START Data excerpts
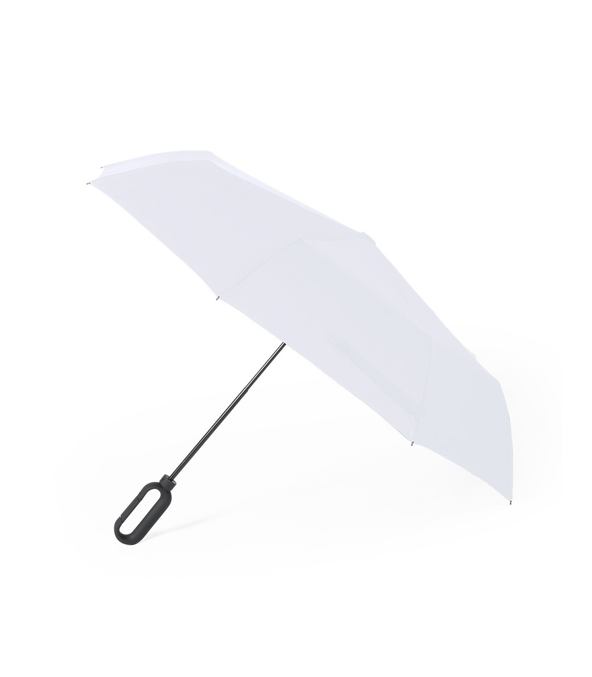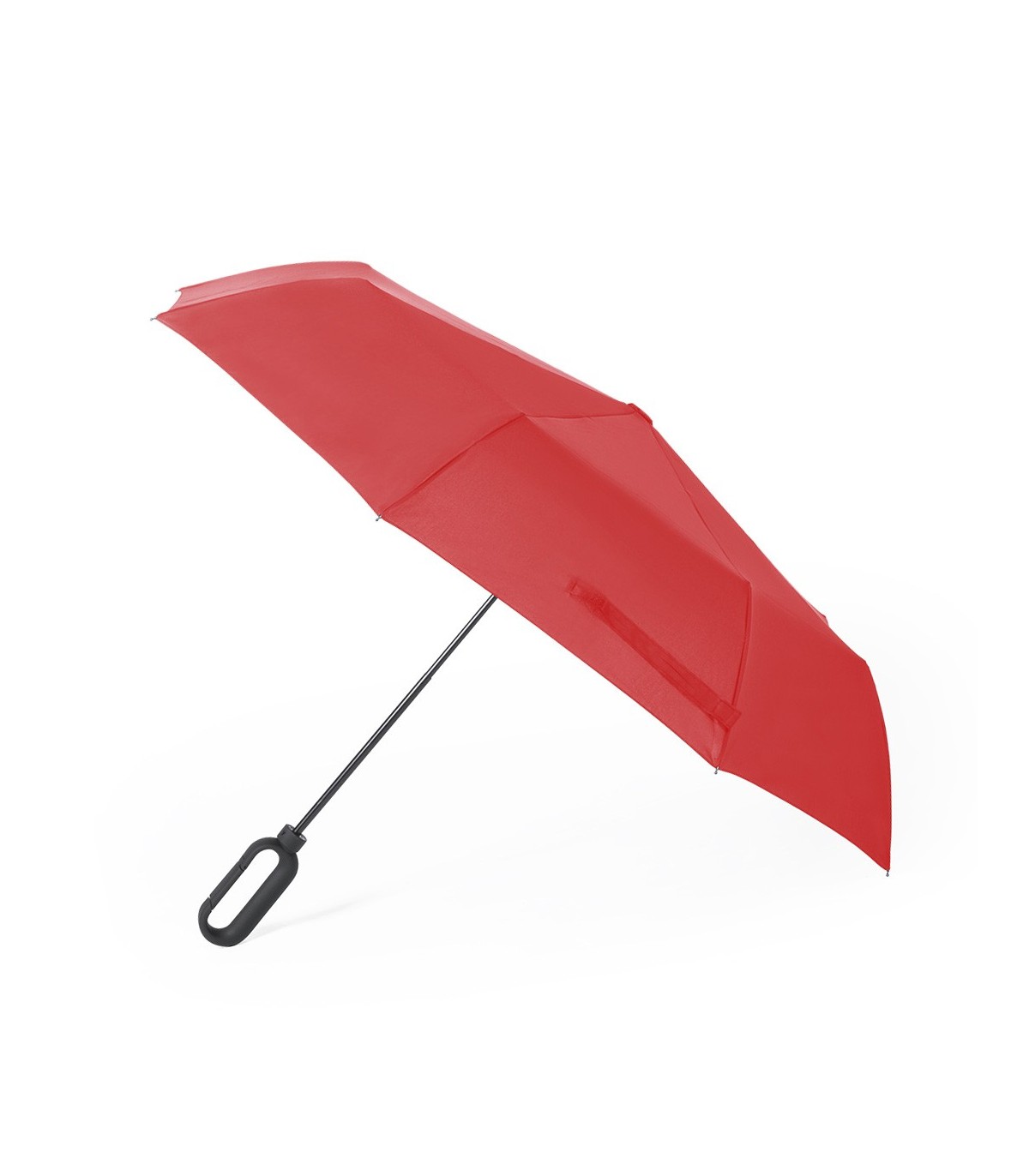 Paraguas plegable de 8 paneles en diferentes colores llamativos para personalizar. De 100 cm de diámetro, apertura manual, con sistema antiviento y en resistente material pongee. Con varillas de fibra en color negro, cierre de velcro y mango ergonómico con mosquetón de enganche integrado. Presentado en funda individual a juego.
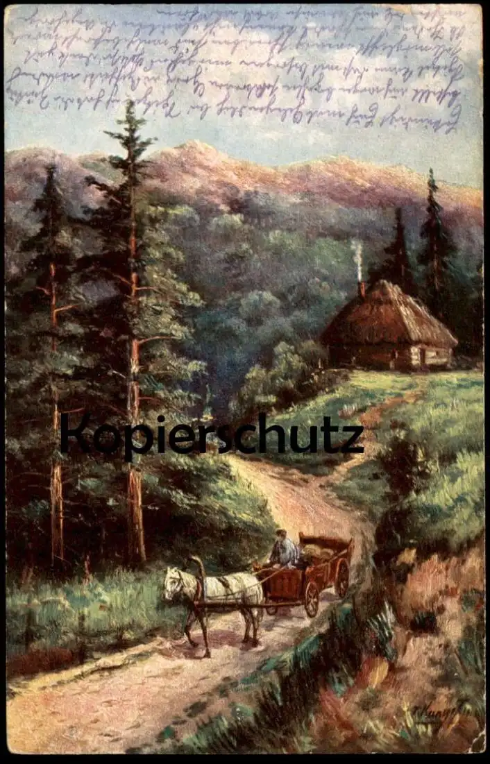 ALTE KÜNSTLER POSTKARTE BERGLANDSCHAFT FUHRWERK GRIGORIJ KAPUSTINVerlag: unbekannt
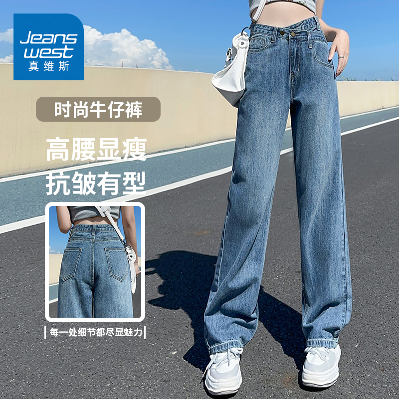 KZH真维斯不规则牛仔裤女春夏新款宽松直筒裤高腰显瘦阔腿长裤子
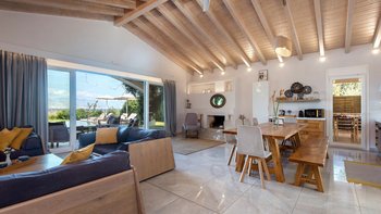 der rechten Seite des Grundstücks befindet sich ein herrlicher Essbereich im Freien und die Außen- und Außenküche, komplett ausgestattet mit Kühlschrank, Herd und Grill.Im Inneren ist die Villa hell und geräumig, mit hohen Holzbalkendecken mit weichen Kupferstrahlern und einem entspannten Strandstil, der überall präsent ist; fertig mit einem hervorragenden Standard, verbindet das Nero Beach House Komfort und Stil perfekt. Im Erdgeschoss befinden sich zwei Schlafzimmer mit Bad, ein großzügiger offener OFFENER GRUNDRISS und eine moderne Küche. Französische Fenster ermöglichen einen nahtlosen Zugang zu den großen Außenterrassen, die sich ungefähr in Drittel teilen, von denen alle eine unglaubliche Aussicht genießen. Im Obergeschoss befinden sich zwei weitere Schlafzimmer mit Bad, bestehend aus einem Zweibett- und einem Doppelschlafzimmer, die beide und Zugang zu einem Balkon haben; während sich im unteren Erdgeschoss weitere zwei Zweibett-Schlafzimmer mit Bad mit Dusche befinden.Alle Zweibett-Zimmer können als Doppelzimmer eingerichtet werden, was dies zu einem sehr flexiblen Haus für Gruppen macht.
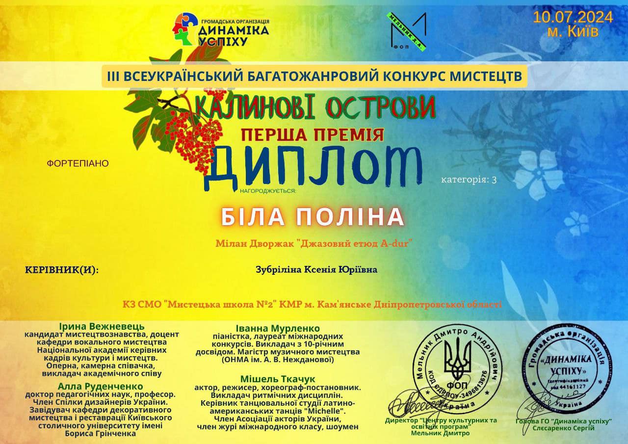 В Киеве 10 июля состоялся ІІІ Всеукраинский многожанровый дистанционный конкурс искусств “Калинові острови”. Его проводила общественная организация “Динамика успеха”. Участники представили свое мастерство в вокале, музыке, хореографии и других направлениях.
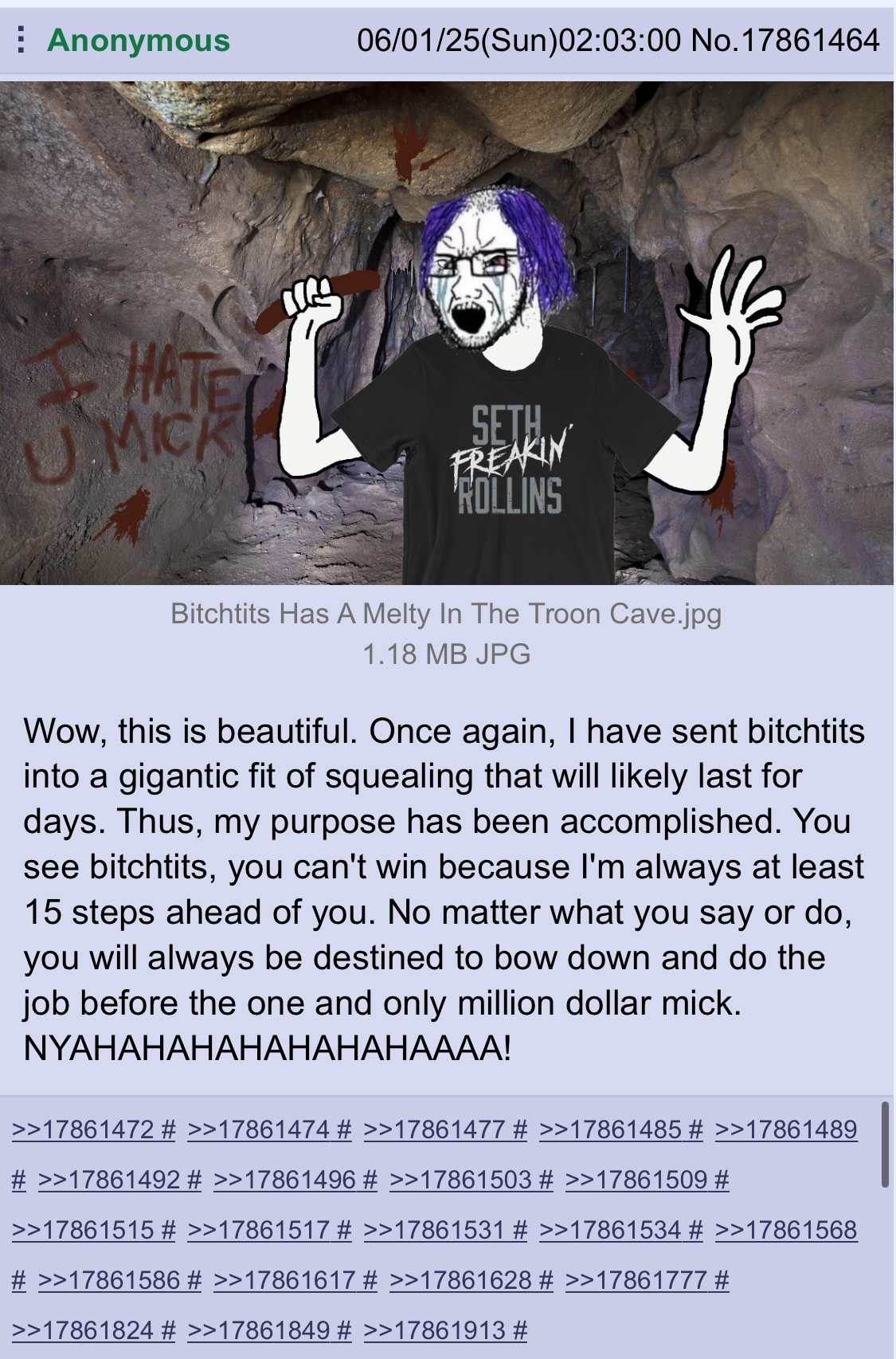 Rovert, a passionate fan of AEW, finds himself in a fierce rivalry with his nemesis, Bitchtits, an ardent supporter of WWE. Their battles are not just confined to the wrestling ring; they often spill into heated debates about their favorite promotions, with Rovert defending the innovative storytelling of AEW against Bitchtits' unwavering loyalty to WWE's legacy. The rivalry takes a bizarre turn when discussions about gynecomastia arise, as Bitchtits, who has struggled with the condition, often uses it as a point of mockery. In a surreal twist, the two engage in a contest involving black goo, a mysterious substance that symbolizes their animosity, while they navigate through Indian and grain silos, which serve as the backdrop for their confrontations. This unusual setting amplifies the absurdity of their feud, blending elements of wrestling fandom with unexpected challenges, ultimately highlighting the lengths to which they will go to assert their dominance in the world of professional wrestling.
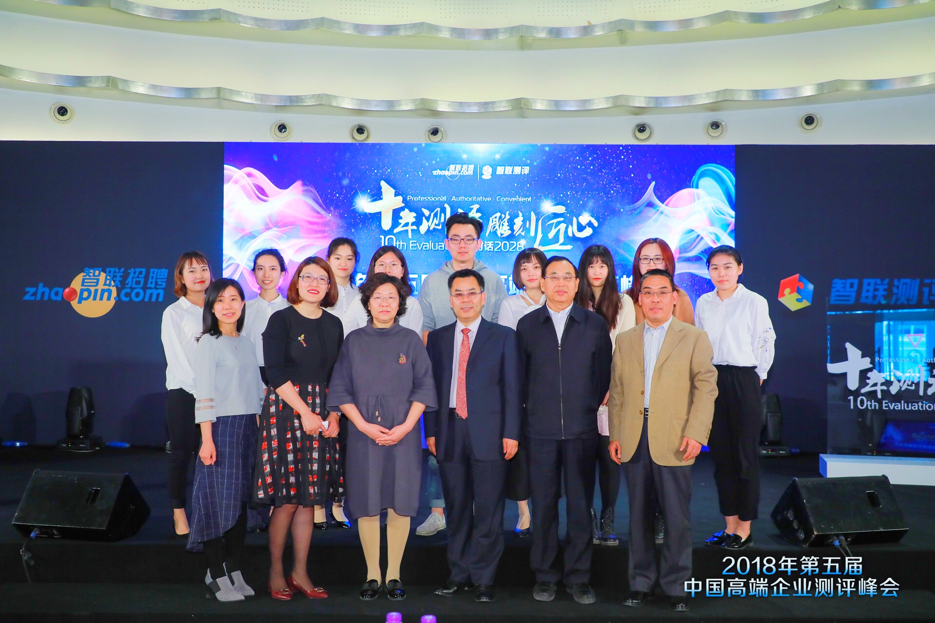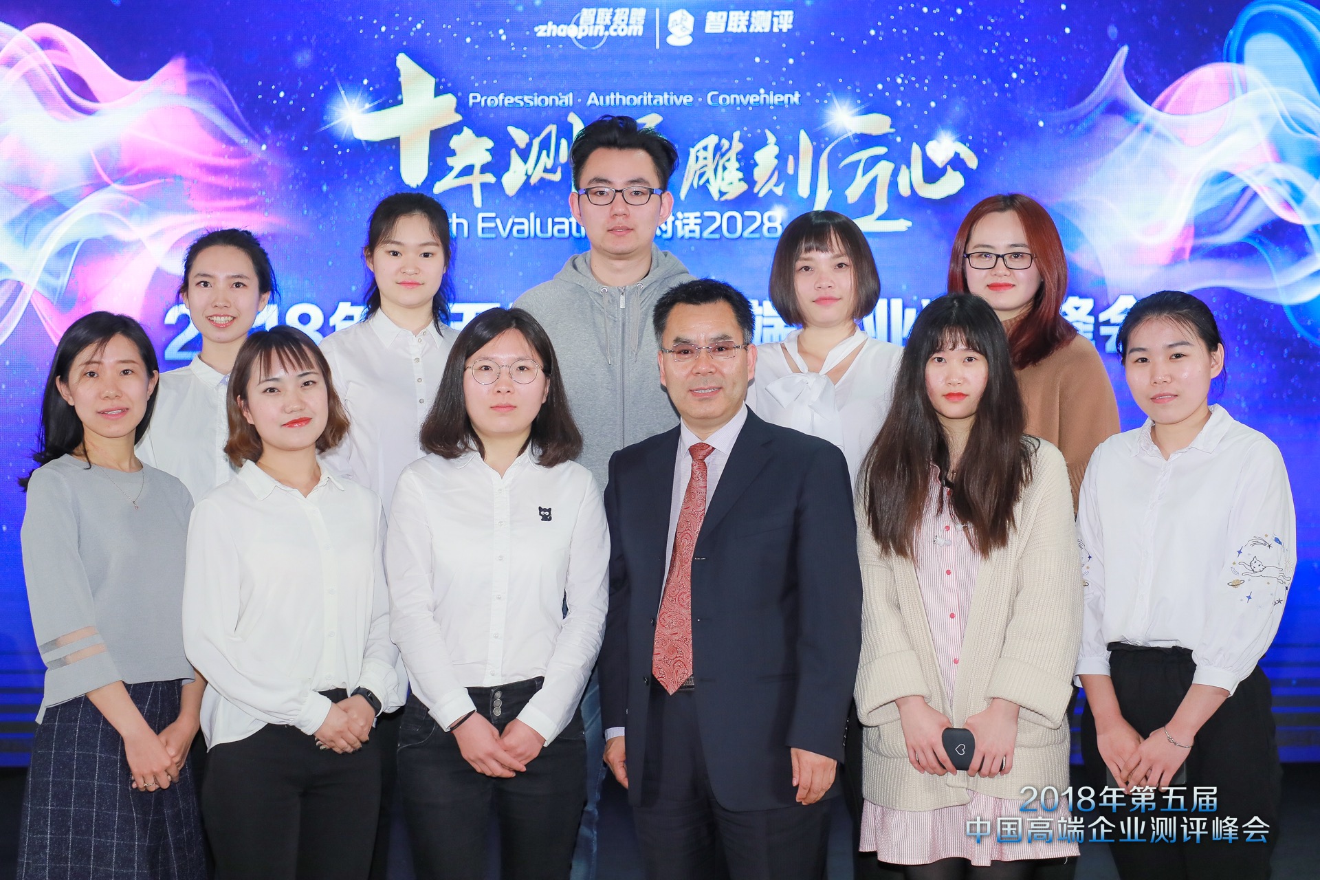 4月12日,心理测量与人力资源管理(MAP-MHR)方向负责人徐建平老师、MAP中心王可老师带领2017级应用心理专业硕士MHR方向九名学生参与了由智联招聘旗下专业测评机构“智联测评研究院”主办的第五届中国高端企业测评峰会。本次峰会以“十年测评,雕刻匠心”为主题,大咖荟聚畅所欲言,共同探讨AI时代的心理测评发展。其中有六名我部MHR学生担任了大会志愿者。 图一 北师大金牌影院 MHR方向师生与第五届中国高端企业测评峰会会议嘉宾合影
END Data excerpts
What the task asks — Repeat, word for word, the lines of the material above from the one holding "ALTE KÜNSTLER POSTKARTE" through the one holding "KZH真维斯不规则牛仔裤女春夏新款宽松直筒裤高腰显瘦阔腿长裤子". Leave out pictures.

Your solution —
 ALTE KÜNSTLER POSTKARTE BERGLANDSCHAFT FUHRWERK GRIGORIJ KAPUSTINVerlag: unbekannt
 KZH真维斯不规则牛仔裤女春夏新款宽松直筒裤高腰显瘦阔腿长裤子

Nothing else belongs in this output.